* Task statement:
Which lines run from the start of the material below through the line containing "Нашу школу представляли"? Retype them exactly, pictures excluded.

* Given records:
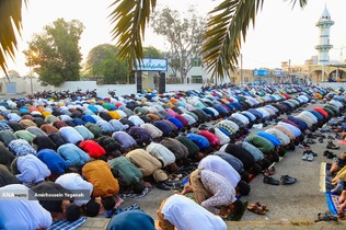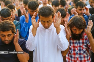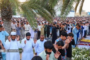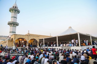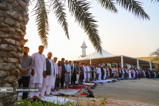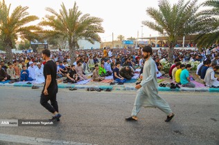 مراسم نماز عید سعید فطر با حضور نمازگزاران اهل تسنن در جزیره کیش برگزار شد.
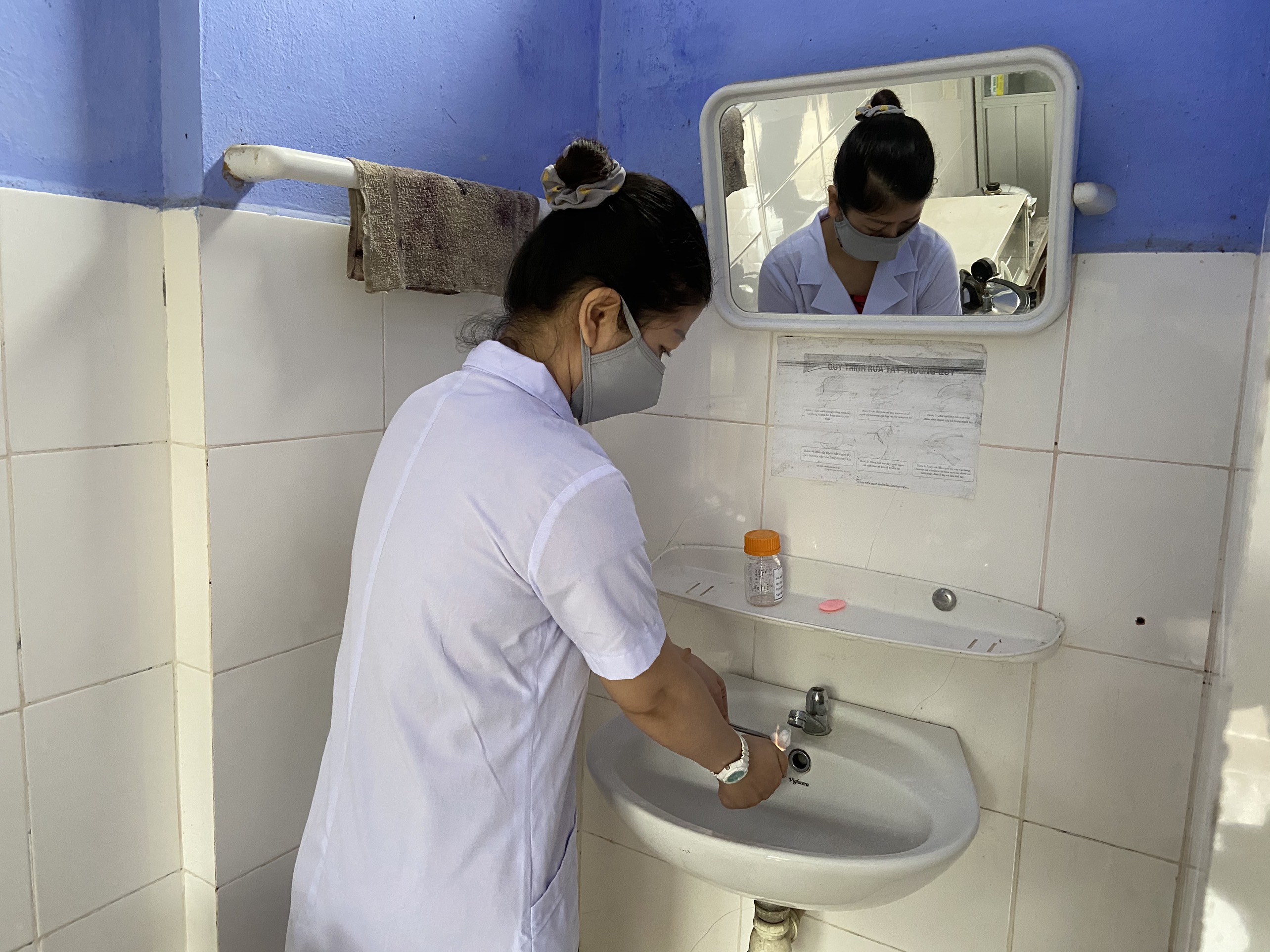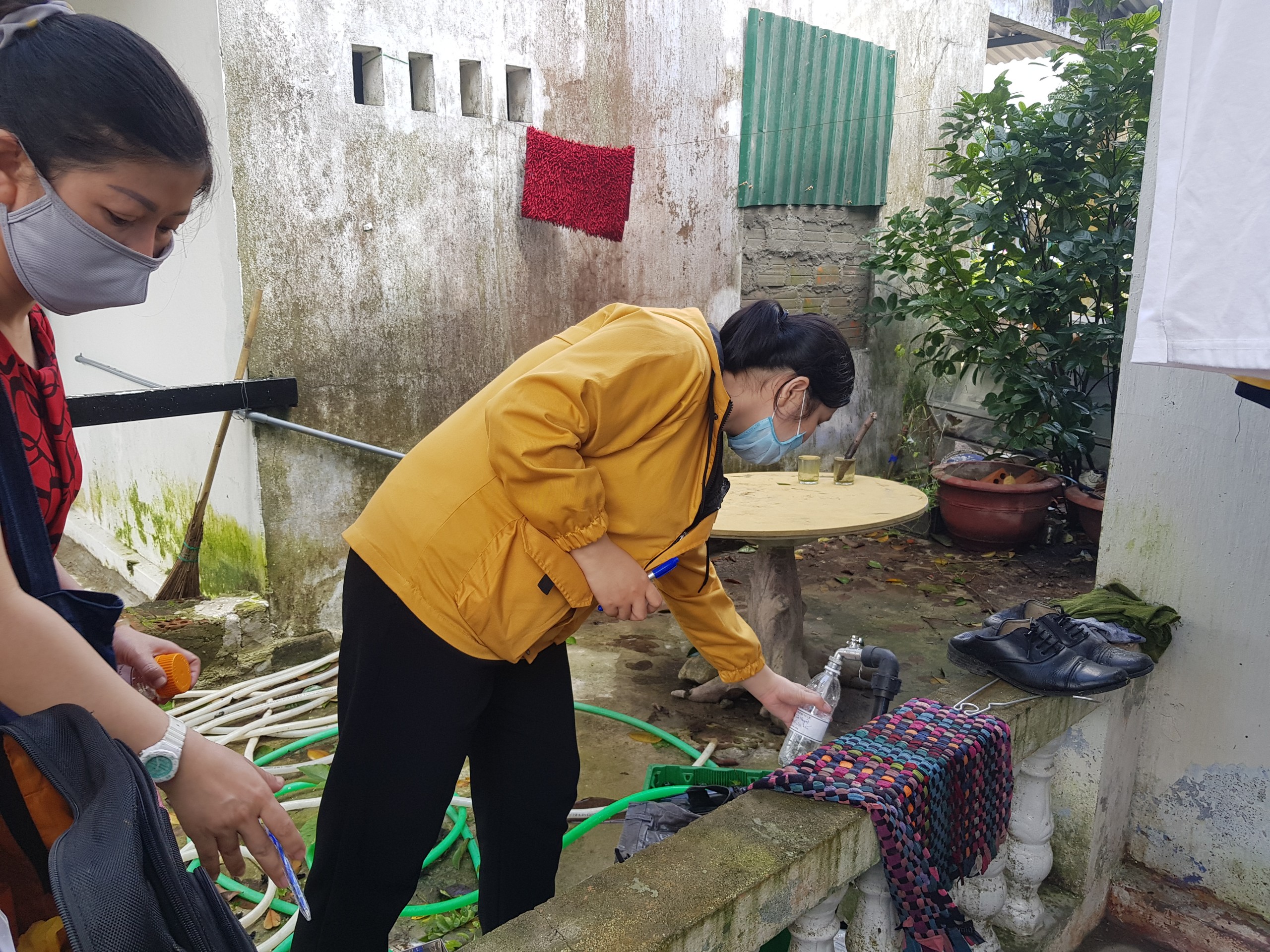 Cán bộ HueWACO lấy mẫu và kiểm tra chất lượng nước tại nhà các hộ dân xã Hồng Hạ
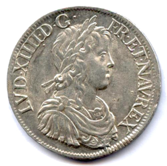 Buste lauré, drapé et cuirassé du roi enfant, avec la mèche longue. Couronne de laurier sans baies. Point après G. Point sous le 4e I de XIIII. R/. Écu de France couronné. Lettre d'atelier à la pointe de l'écu et millésime en fin de légende. Fleur à huit pétales en début de légende. Triangle sou le O de DOMINI.
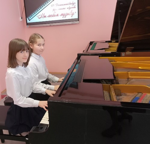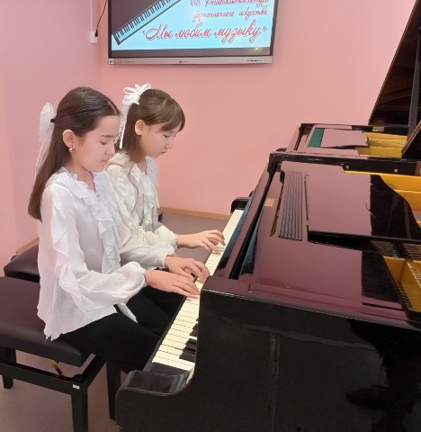Нашу школу представляли два фортепианных дуэта: Шадчинова Александра – Хамитова Полина и Байтулинова Лилия - Ажигулова Алина (преподаватели Мещерякова О.Н. и Пивень Т.В.).
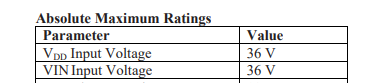 36V c’est le max admissible du module essayez plutot 18V comme indiqué sur la doc
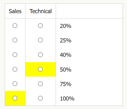 Technical percent increases in the number of employees that the sales department and the technical department, respectively could have experienced during expansion, such that the percent increases are jointly consistent with the information provided. Make only 2 selections, one in each column.
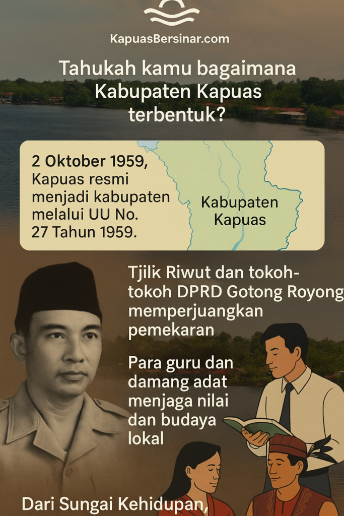 rubrikalteng.com/ – Walaupun belum banyak tercatat secara nasional, beberapa tokoh lokal memiliki peran penting dalam terbentuknya dan berkembangnya Kabupaten Kapuas:1. Tjilik RiwutGubernur pertama Kalimantan Tengah.Pejuang kemerdekaan dan tokoh Dayak nasional.Berperan penting dalam pembentukan Provinsi Kalimantan Tengah yang kemudian melahirkan Kabupaten Kapuas sebagai salah satu wilayah administratifnya.2. Para Tokoh DPRD Gotong Royong Era 1950-anMereka adalah anggota-anggota […]

* Output of the task:
 مراسم نماز عید سعید فطر با حضور نمازگزاران اهل تسنن در جزیره کیش برگزار شد.
 Cán bộ HueWACO lấy mẫu và kiểm tra chất lượng nước tại nhà các hộ dân xã Hồng Hạ
 Buste lauré, drapé et cuirassé du roi enfant, avec la mèche longue. Couronne de laurier sans baies. Point après G. Point sous le 4e I de XIIII. R/. Écu de France couronné. Lettre d'atelier à la pointe de l'écu et millésime en fin de légende. Fleur à huit pétales en début de légende. Triangle sou le O de DOMINI.
Нашу школу представляли два фортепианных дуэта: Шадчинова Александра – Хамитова Полина и Байтулинова Лилия - Ажигулова Алина (преподаватели Мещерякова О.Н. и Пивень Т.В.).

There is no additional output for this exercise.